There have already been seven executions thus far in the U.S. this year, with the next one scheduled for July 13 in Texas. A recent federal court ruling now makes 25 death row inmates in Oklahoma susceptible to the death penalty there, and while 23 U.S. states no longer carry out this punishment,  there are still almost 2,500 men and women who linger in the shadow of impending and eventual execution.

We remember well the rash of Federal executions in the waning days of the Trump administration. Joe Biden became the first U.S. presidential candidate to openly support an anti-death penalty platform, though his promise to end the federal death penalty within six  months of taking office rings hollow at the present time.

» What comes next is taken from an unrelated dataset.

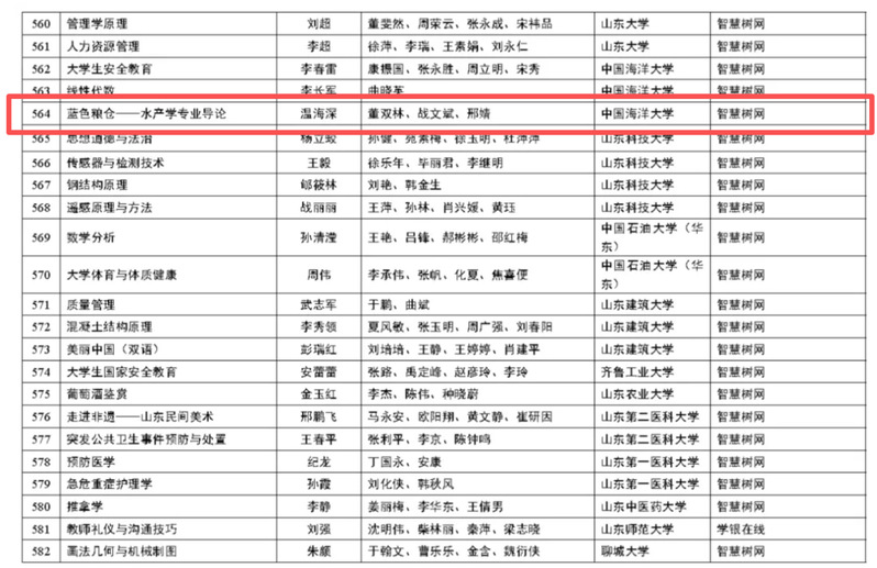 近日,教育部发布了《关于第三批国家级一流本科课程认定结果的公示》通知,本中心主任温海深教授负责的《蓝色粮仓-水产学专业导论》课程成功入选。
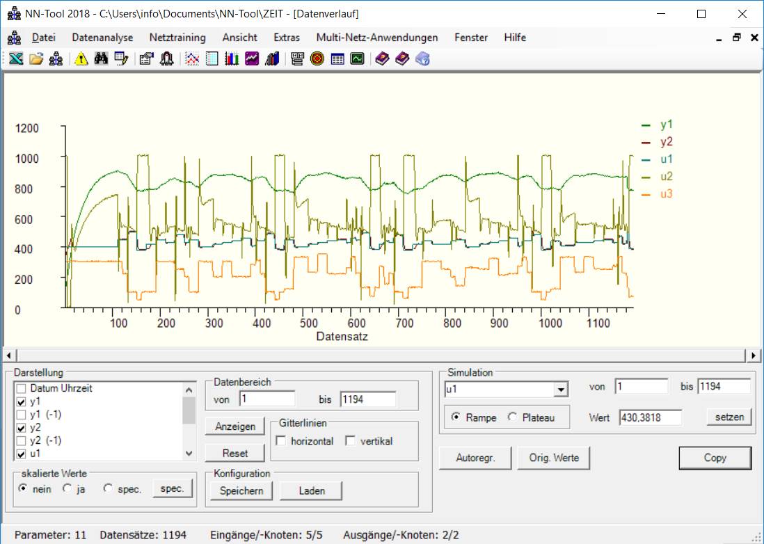 Dieses Anwendungsmodul (siehe auch unter Simulation) dient der Simulation von Zeitreihen. Der Anwender hat die Möglichkeit für die Eingangsgrößen beliebige Zeitfunktionen als Vorgaben zu machen. Das Modul berechnet anschließend auf der Basis des zugrundeliegenden Netzes die Reaktion des betrachteten Systems. Diese Simulationen können in Abhängigkeit des entsprechenden NN-Tool-Modells autoregressiv oder nicht autoregressiv durchgeführt werden. Als Vorgaben können bestehende Messdatendateien (zum Beispiel vom Vortag) geladen werden.

Still, we should remember, commemorate, and celebrate the Furman decision from 50 years ago. If only for a fleeting moment in our national history, the nation’s highest court — which had and has a terrible record in the defense, advocacy and protection of human rights, with its long and tainted history of legally defending slavery, genocide, eugenics, both racial and gender disenfranchisement, and other outrages inflicted against (groups of) individuals — showed what is and remains possible for this country regarding an end to the barbarism of the death penalty.

It remains the moral duty of all human rights activists to ensure that the moratorium of executions, once enacted for what proved to be only temporary, become a PERMANENT pillar of an America that is forever both death penalty-free and dedicated to the simple idea and essential truth of human rights, namely, that there is no such thing as a lesser person.